From David Halberstam's The Best and the Brightest, 1972:
He learned to love China the hard way, for like Service and other sons of missionaries, there was a certain disillusion in realizing the futility of their parents' work. They knew that whatever else happened, China was not going to be saved and modernized by coming to Jesus Christ; China was China, and Christ was alien, Western, white. But if this was true, then their parents, selfless, decent people, were wasting their lives in at least one sense, and friends thought this accounted for much of the skepticism and irony which marked John Davies' outlook for the rest of his life. Growing up as a young American in China had already made him something of an outsider; now as a young man, jarred loose from the perceptions of his parents, he was even more intellectually and culturally independent at a surprisingly young age. From this would come John Davies the outsider, cool involved intellectually but uninvolved emotionally, the perfect reporter. If anything, he was brought up with a sense of the vastness of China, resistant to outside influence, be it Western Christian or Western capitalist or Western Communist, China determined somehow to come up with its own definition of itself formed on its own terms. It was a brilliant and far-reaching vision, but it did not necessarily serve him well. . . .
To his contemporaries he symbolized what the foreign service should be, expert, analytical and brave, and above all, perfectly prepared for what he was doing. He knew China, the people, the language, and he watched the revolution sweeping the country. It was, he would say then and later, an implosion, not an explosion, that is, the collapsing inward of a civilization, a nation shutting itself off from the world, determining within itself its destiny. He was with General Joe Stilwell in 1938 as the Japanese marched south, ravaging whatever was in their way. He was puzzled as to why a civilized people like the Japanese would commit such atrocities, and pondered it for some time.

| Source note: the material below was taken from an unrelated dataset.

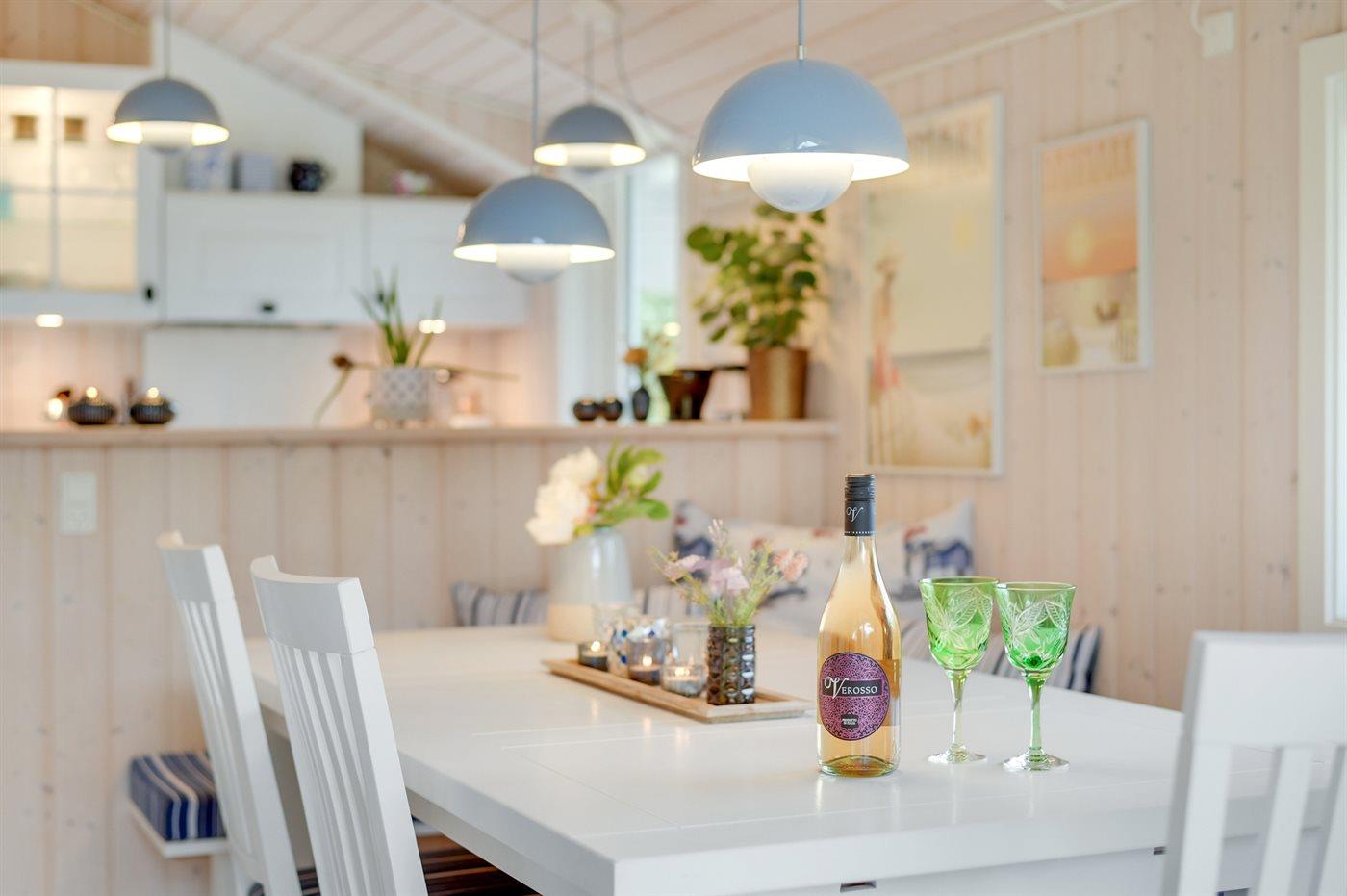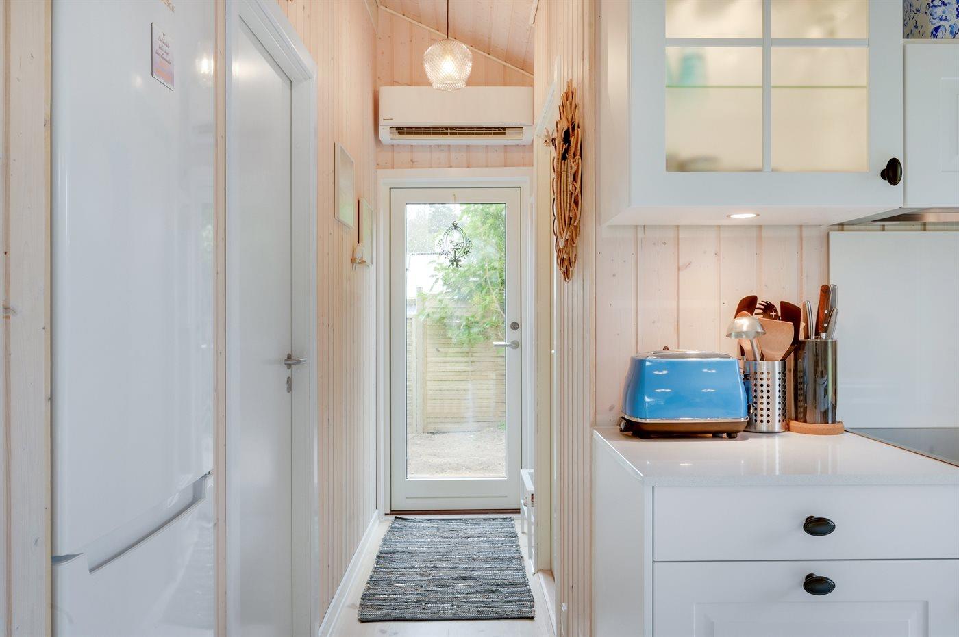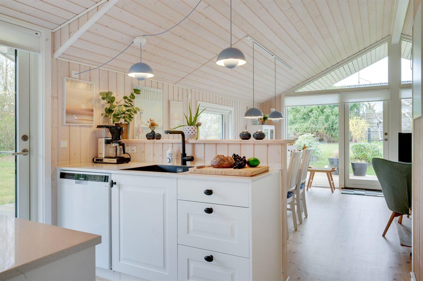 Køkkenet er udstyret med 1 køleskab. Der er 4 keramiske kogeplader, varmluftovn samt opvaskemaskine.

Part of the answer, he decided, was that the troops were simply motivated by duty to their emperor; the second reason, more interesting in the light of events thirty years later in Vietnam, was "the idealistic belief that the mission is also a crusade to liberate the Chinese people from the oppression of their own rulers." When the Chinese peasants showed signs of resenting this liberation "it is a shocking rejection of his idealism," and the Japanese soldier raged against "the people who he believes have denied him his chivalry."